# Biological invasion: a starter analysis
Hello Kagglers! Welcome to this starter notebook. At this opportunity, I present to you one of the most troubling issues in recent years.

First of all, the [original data](https://catalog.data.gov/dataset/trends-in-non-native-aquatic-species-richness-in-the-united-states-reveal-shifting-pattern) was obtained in U.S. Environmental Protection Agency. This institution has the mission to protect human health and the environment. Credits for that institution and its works. 

The [preprocessed data](https://www.kaggle.com/lazaro97/biological-invasions) you can find [here](https://www.kaggle.com/lazaro97/biological-invasions).

So, as indicated in its description:

> Nonindigenous aquatic species introductions are widely recognized as major stressors to freshwater ecosystems, threatening native endemic biodiversity and causing negative impacts to ecosystem services as well as damaging local and regional economies. So, it's thus necessary to monitor the spatial and temporal trends and spread in order to guide prevention and control efforts and to develop effective policy aimed at mitigating impacts. (Michael J. Mangiante, 2018)

From our perspective, these new species bring about a number of changes in the ecosystems, such as altering the structure and composition of plant communities; reducing agricultural productivity, wildlife, biodiversity, and fodder availability; changing soil structure; affecting health of us and livestock.

You can say "Well, invasion is not a novel phenomenon; it always happens". However, the biological invasion increases tremendously during the past few years because of rapidly expanding trade and transport among countries. And will grow even more because of globalization.

![](http://muwo1.unibo.it/steamgreenuniboit/wp-content/uploads/sites/6/2017/07/inva.jpg)

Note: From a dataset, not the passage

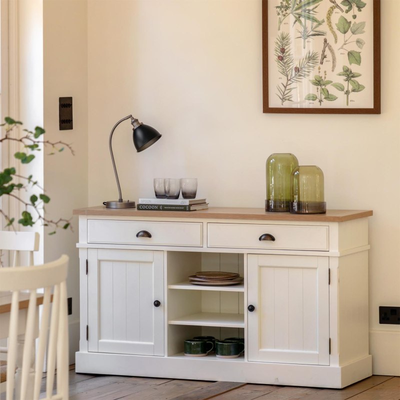 The Ethan White Large Sideboard brings together practical storage and a relaxed, country-inspired look. Finished in a soft white paint, it features two drawers, two cupboards and open shelving to keep everything neatly organised. Grooved cupboard doors and metal handles add subtle character, while the layout offers a mix of hidden and display storage for everyday living. Due to the handmade nature of this product, colour variations may be present.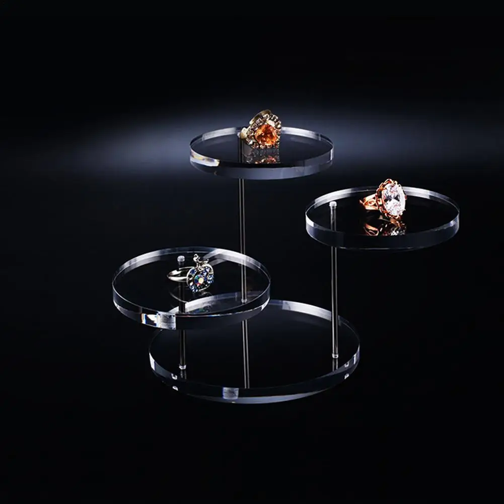 Новый стиль, 3-слойная круглая прозрачная акриловая витрина, ювелирные изделия, ожерелье, серьги, кольцо, вращающаяся витрина для торта, бытовая

I think that it exist two possible solutions:

1. Large corporations should take preventive measures in any transfer of resources between regions
2. Search some spaciotemporal pattern and anticipate a possible new introduction

Each one has their pros and cons. However, for bird and aquatic species are distinct. They arrive on their own, that detail complains the first solution. So, given the available information in the dataset, the latter is more feasible. But this case is difficult too, as there may be several cycle events, atypical data or lost data in the recollection. So, the establishment of forecasts is a challenge.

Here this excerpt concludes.